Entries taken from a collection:
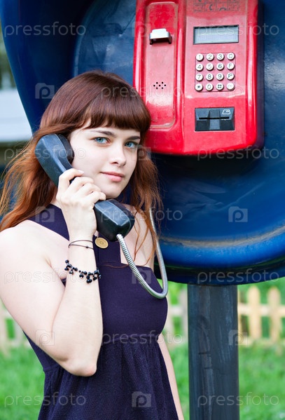 Молодая девушка возле телефонной будки
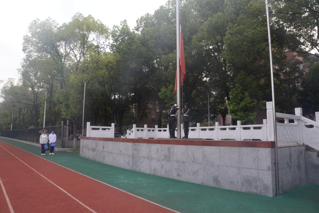 清晨七时整,升旗仪式正式开始。在庄严的国歌声中,公司升旗手们将五星红旗冉冉升起,全体师生肃然而立,奏国歌,行注目礼。
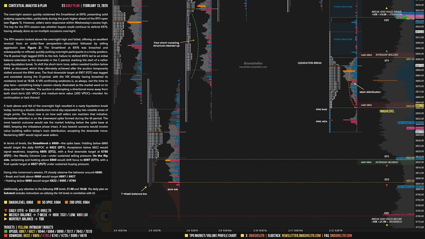 The RTH session looked above the overnight high and failed, offering an excellent reversal from an order-flow perspective—absorption followed by selling aggression (see Figure 2). The Smashlevel at 6976 was breached and subsequently re-offered, quickly putting overnight participants in a tricky position. The B-period high tagged 6976 to the tick. Failure to defend 6976 led to an initial balance extension to the downside in the C-period, marking the start of a rather nasty liquidation break. To shift the short-term tone, sellers needed traction below 6944, as discussed, which they ultimately achieved after the auction temporarily stalled around the 6944 area. The final downside target at 6907 (FDT) was tagged and exceeded during the D-period, with the VIX already having breached its resistance level at 18.68. A VIX confirming weakness is, as always, not the time to play hero—something today’s session clearly illustrated as the market went on to drop another 65 handles. The auction is attempting a directional move away from both short-term (5D VPOC) and medium-term value (20D VPOC)—monitor for continuation or lack thereof.
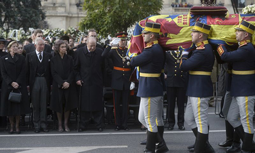 Từ trái sang phải: Hoàng tử Lorenz đang đứng cạnh vợ, Công chúa Astrid. Nữ hoàng Muna Hussein của Jordan, Nữ hoàng Anne Marie của Hy Lạp, Hoàng tử Charles của Anh, Nữ hoàng Sofia và chồng, Thái tử Juan Carlos I của Tây Ban Nha, Đại công tước Henry của Luxembourg, Nữ hoàng Sylvia Lễ đăng quang với Vua Carl XVI Gustaf của Thụy Điển. Đám tang .
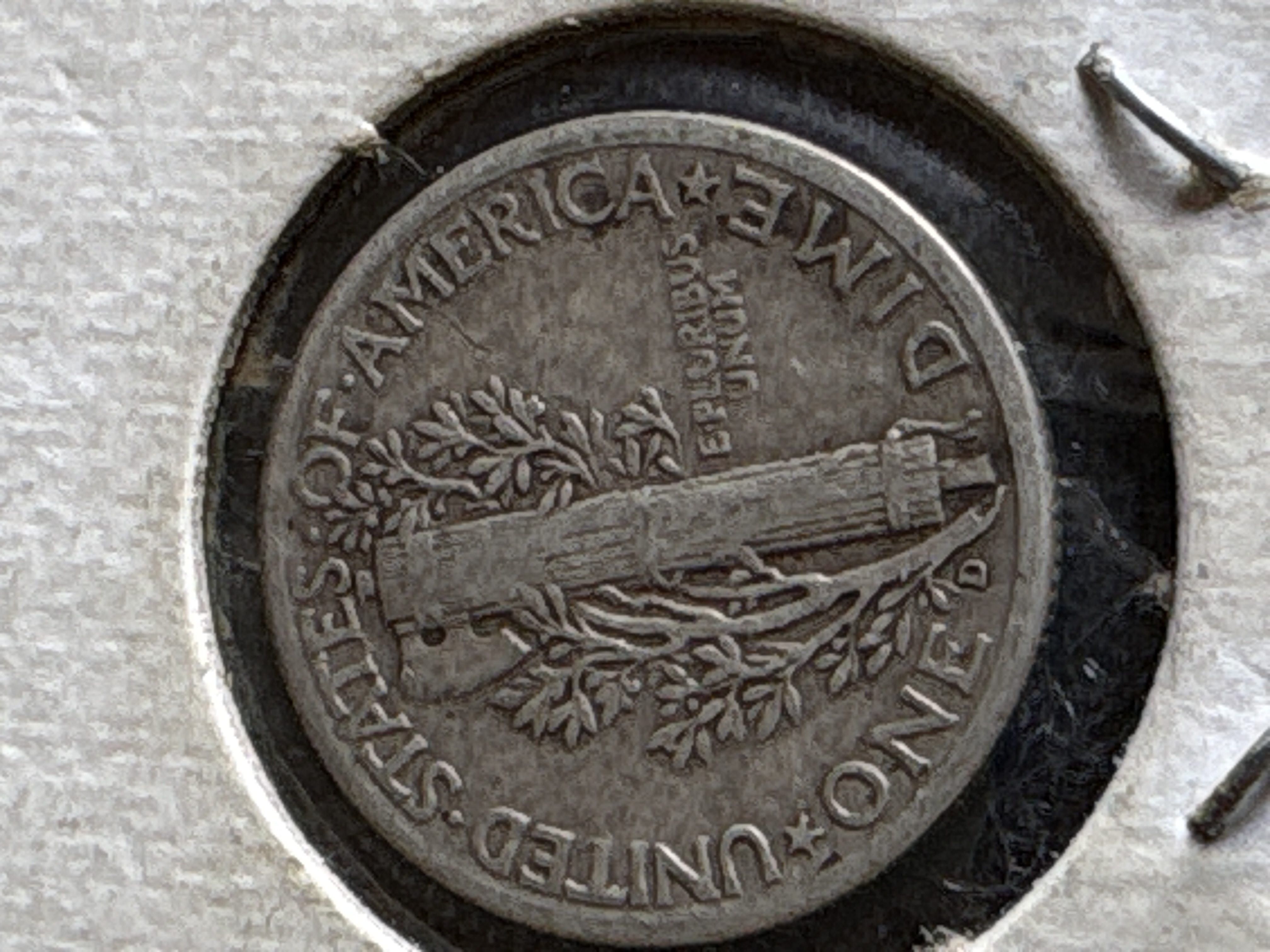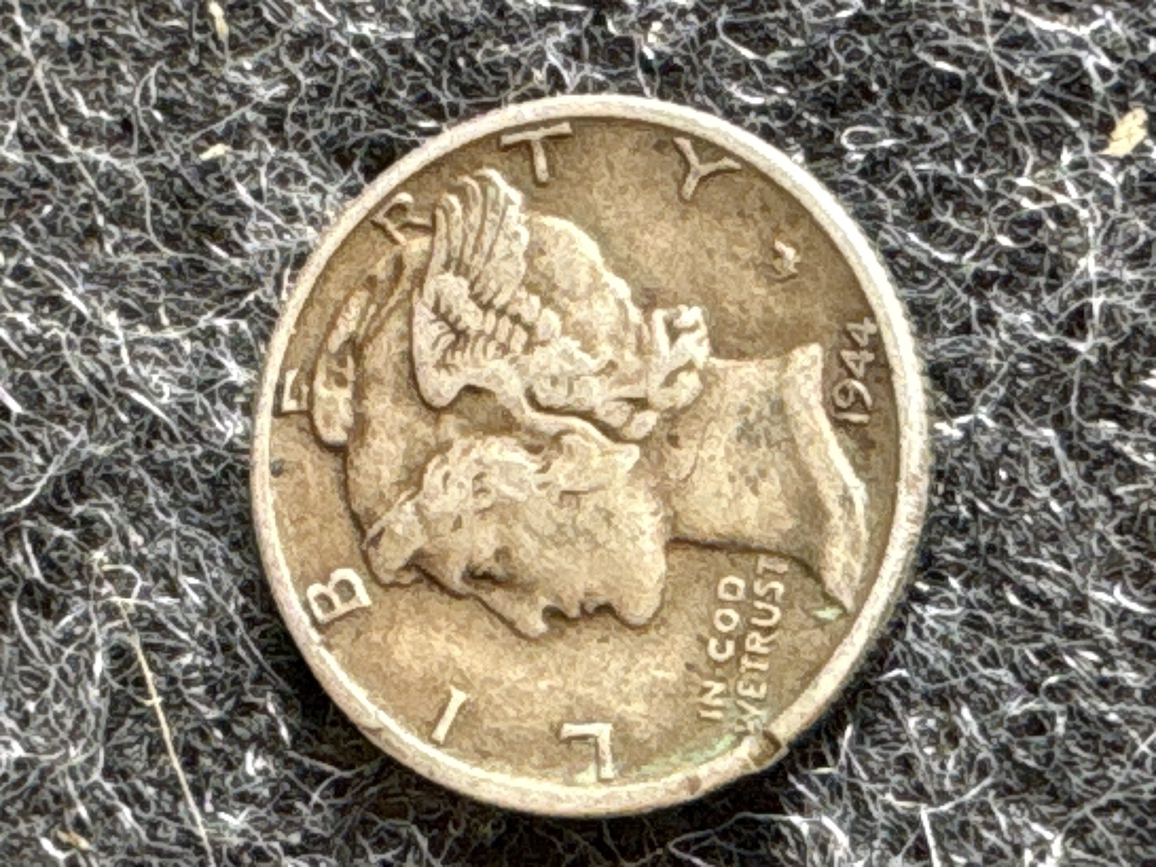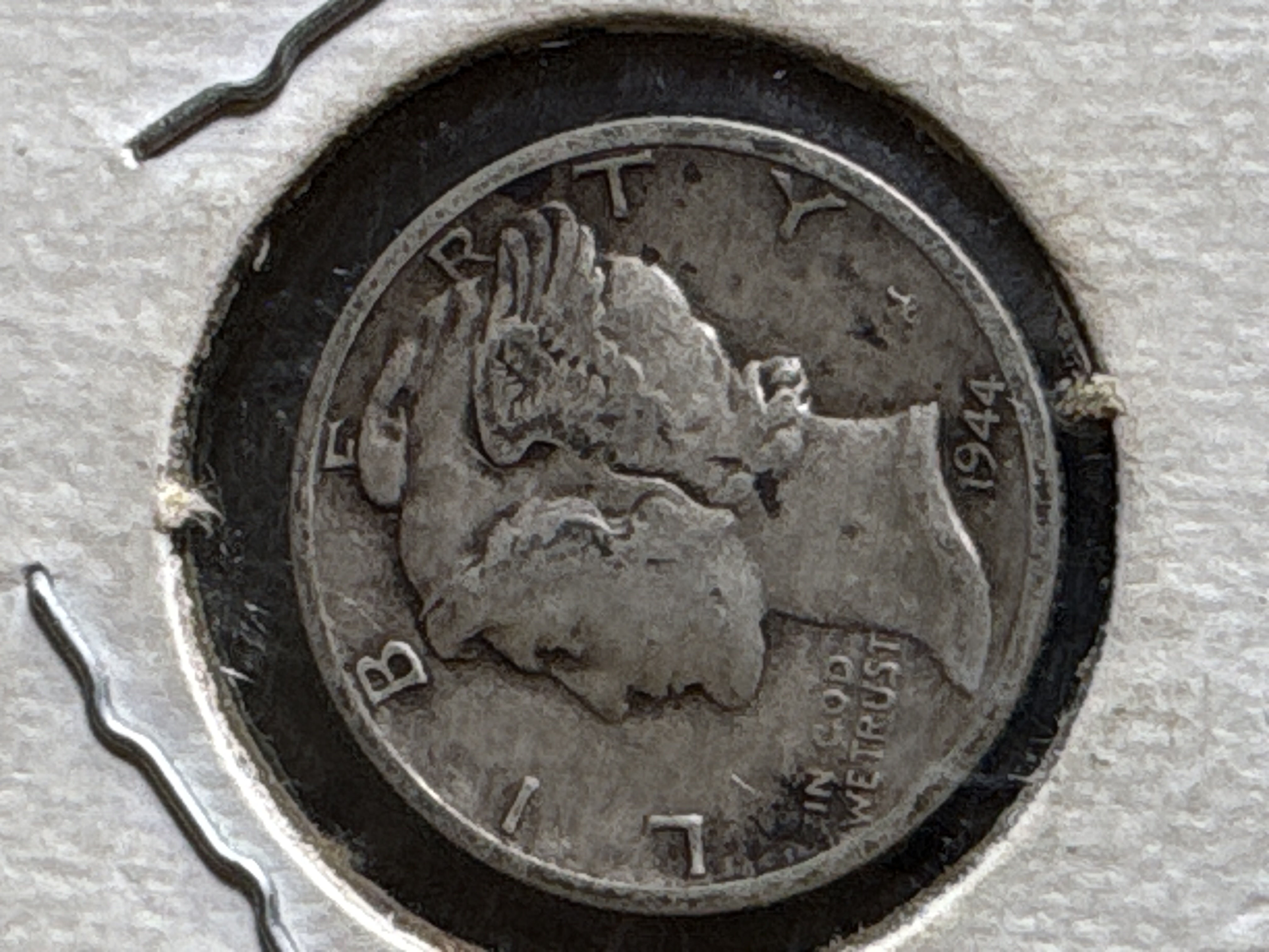 Two silver Mercury dimes dated 1944, including one in a protective cardboard holder marked 1944 D.
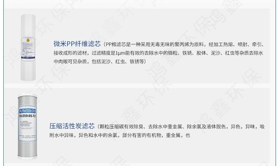 1:一級濾芯是孔徑為5微米溶噴PP棉,溶噴PP棉能有效去除自來水中較大固體物質(zhì)(如鐵銹、泥沙、水藻、懸浮物等),達(dá)到水質(zhì)的初步凈化。
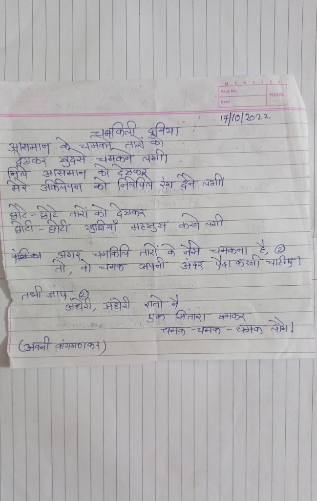 I am avani.& i wrote my poem . Name -chamkili duniya

- HOW TO COMPLETE THIS TASK:
Repeat each record exactly as shown above, dropping all images.

- EXERCISE RESULT:
 Молодая девушка возле телефонной будки
 清晨七时整,升旗仪式正式开始。在庄严的国歌声中,公司升旗手们将五星红旗冉冉升起,全体师生肃然而立,奏国歌,行注目礼。
 The RTH session looked above the overnight high and failed, offering an excellent reversal from an order-flow perspective—absorption followed by selling aggression (see Figure 2). The Smashlevel at 6976 was breached and subsequently re-offered, quickly putting overnight participants in a tricky position. The B-period high tagged 6976 to the tick. Failure to defend 6976 led to an initial balance extension to the downside in the C-period, marking the start of a rather nasty liquidation break. To shift the short-term tone, sellers needed traction below 6944, as discussed, which they ultimately achieved after the auction temporarily stalled around the 6944 area. The final downside target at 6907 (FDT) was tagged and exceeded during the D-period, with the VIX already having breached its resistance level at 18.68. A VIX confirming weakness is, as always, not the time to play hero—something today’s session clearly illustrated as the market went on to drop another 65 handles. The auction is attempting a directional move away from both short-term (5D VPOC) and medium-term value (20D VPOC)—monitor for continuation or lack thereof.
 Từ trái sang phải: Hoàng tử Lorenz đang đứng cạnh vợ, Công chúa Astrid. Nữ hoàng Muna Hussein của Jordan, Nữ hoàng Anne Marie của Hy Lạp, Hoàng tử Charles của Anh, Nữ hoàng Sofia và chồng, Thái tử Juan Carlos I của Tây Ban Nha, Đại công tước Henry của Luxembourg, Nữ hoàng Sylvia Lễ đăng quang với Vua Carl XVI Gustaf của Thụy Điển. Đám tang .
 Two silver Mercury dimes dated 1944, including one in a protective cardboard holder marked 1944 D.
 1:一級濾芯是孔徑為5微米溶噴PP棉,溶噴PP棉能有效去除自來水中較大固體物質(zhì)(如鐵銹、泥沙、水藻、懸浮物等),達(dá)到水質(zhì)的初步凈化。
 I am avani.& i wrote my poem . Name -chamkili duniya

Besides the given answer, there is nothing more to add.